■ **SOURCE MATERIAL**:
▼

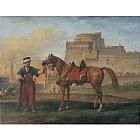 A MAMELUK LEADING HIS HORSE WITH A CITADEL IN THE BACKGROUND
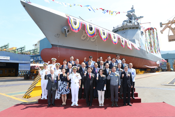 이날 진수식에는 권영진 대구시장을 주빈으로 이범림(중장) 해군사관학교장, 이성근 대우조선해양 부사장 등 해군 및 방위사업청, 대우조선해양 관계자 등이 참석했다.
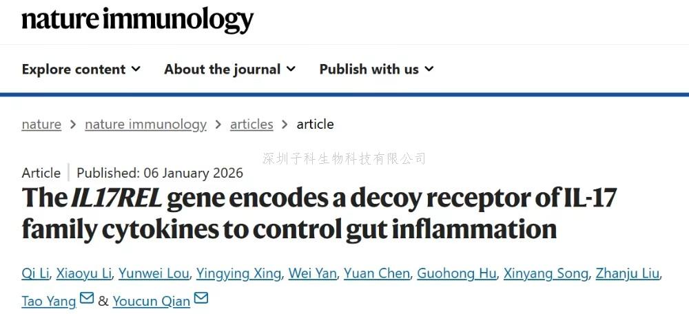 2026年1月6日,中國科學院上海營養(yǎng)與健康研究所錢友存和楊濤共同通訊在Nature Immunology 在線發(fā)表題為The IL17REL gene encodes a decoy receptor of IL-17 family cytokines to control gut inflammation的研究論文。

▲

■ **WHAT YOU ARE ASKED TO DO**: From the line that contains "이날 진수식에는 권영진" to the final line of the material, write out each line exactly. Pictures stay out.

■ **RESULT OF THE TASK**:
 이날 진수식에는 권영진 대구시장을 주빈으로 이범림(중장) 해군사관학교장, 이성근 대우조선해양 부사장 등 해군 및 방위사업청, 대우조선해양 관계자 등이 참석했다.
 2026年1月6日,中國科學院上海營養(yǎng)與健康研究所錢友存和楊濤共同通訊在Nature Immunology 在線發(fā)表題為The IL17REL gene encodes a decoy receptor of IL-17 family cytokines to control gut inflammation的研究論文。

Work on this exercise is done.